Его рука скользила по коже, трепетно ложилась на грудь, а обожание во взгляде становилось таким, что порой даже пугало. Как же он ее любит!

– Красавица… Бледная Красавица для моего Чудовища… – шептал он, и его прохладное дыхание, щекотавшее нежные слуховые перепонки, заставляло вздрагивать от наслаждения.

Беатрис тоже нравилось смотреть на него: темная, как патока, кожа, широкие плечи, мощные грудные мускулы… Глядя на них, она представляла себе движение тектонических плит глубоко в недрах земли. А какой восхитительной синевой отливало его тело в игривом свете луны!

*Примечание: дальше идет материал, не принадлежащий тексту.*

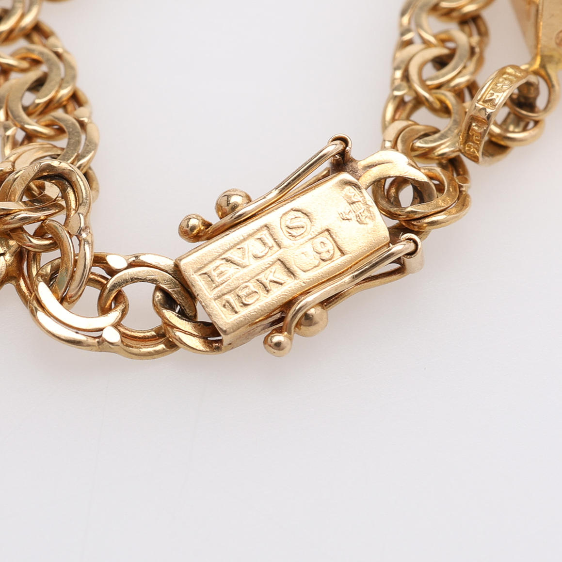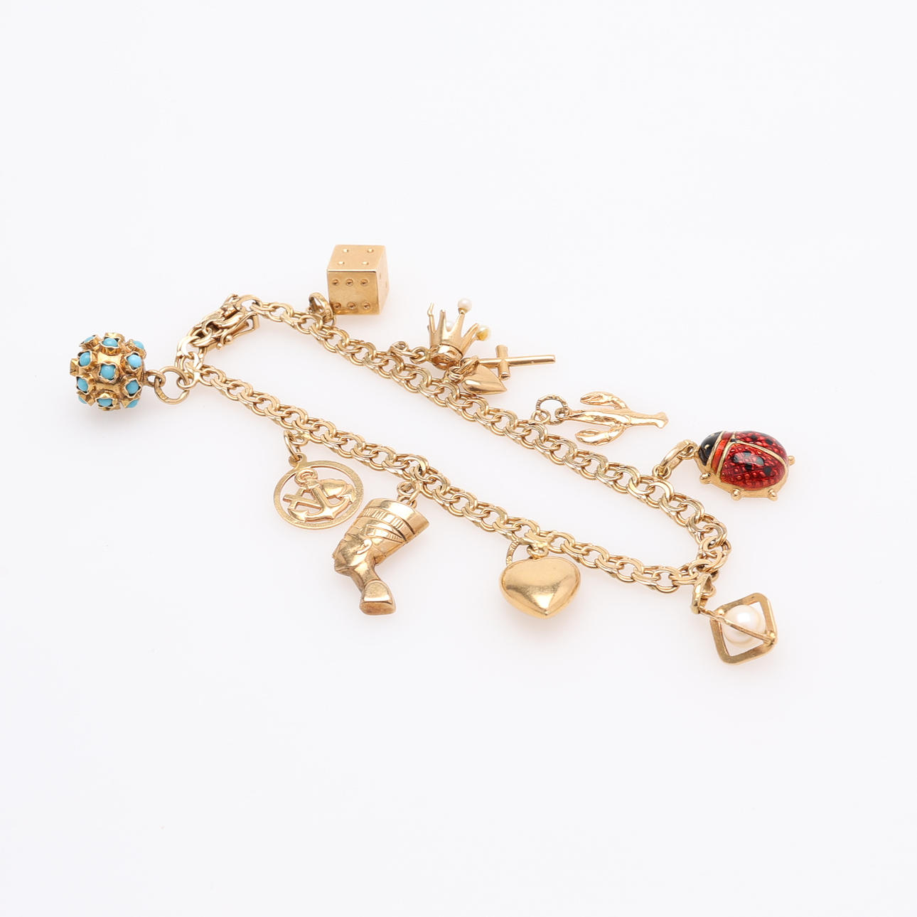 Bismarcklänk med instickslås samt tio berlocker, längd ca 19 cm.

Однажды, глядя на него, нависшего над ней, чувствуя его тело собою и в себе, Беатрис увидела в его аккуратной бородке темно-синие искорки лунного луча.

– Черный Красавчик, – тихонько пошутила она, притягивая Сэмми к себе для поцелуя.

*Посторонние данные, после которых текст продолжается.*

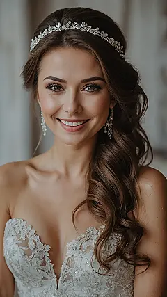 And hold up, let’s not zoom past the rest of her vibe! That sparkly headpiece isn’t just sitting there; it’s practically throwing a little glitter rave on her beautiful down-do, and those dangling earrings are ready for their close-up. It’s like her hair is saying, “Yeah, I’m relaxed, but I’m also rocking some serious bling, thank you very much!” She’s definitely proving you can be super classy, look like a million bucks, and still have your hair ready for wind machine moments or just looking effortlessly gorgeous for all those wedding selfies.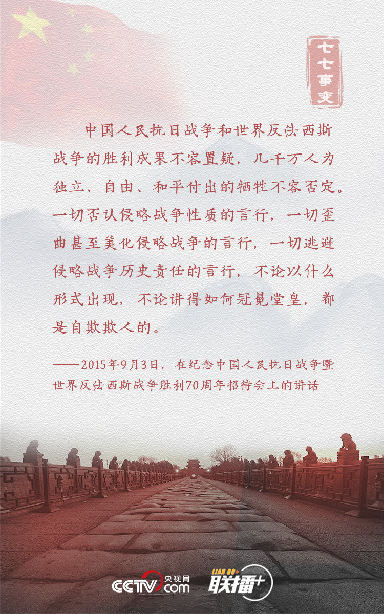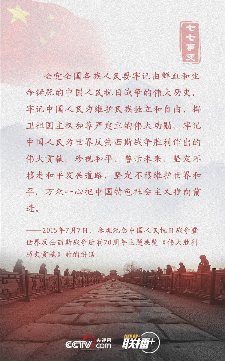 在全民族抗戰爆發83周年之際,央視網《聯播+》特梳理習近平總書記相關論述,與您共同緬懷革命先烈,重溫抗戰精神,汲取前行力量。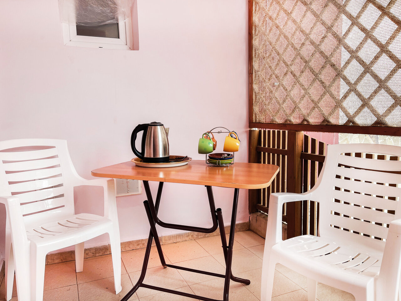 Двухместный номер стандарт с террасой и видом на море. Находится на первом этаже. Собственная ванная комната. Номер полностью укомплектован всей техникой, феном и чайником с посудой, гигиеническими принадлежностями.

Услышав это, он отпрянул от нее, сел на край кровати и натянул на себя простыню, чтобы прикрыть наготу. Беатрис удивленно уставилась на него, чувствуя, как остывает, холодит кожу их смешавшийся пот.

– Никогда не называй меня так, Беатрис, – негромко сказал он. – Не нужно напоминать о цвете моей кожи. Знаю: я некрасив. Черен и уродлив – таким уж родила меня мать.

– Но, Сэмюэл!..

– Нет.

На простыни между ними легла тень. В ту ночь он больше не дотронулся до нее и пальцем.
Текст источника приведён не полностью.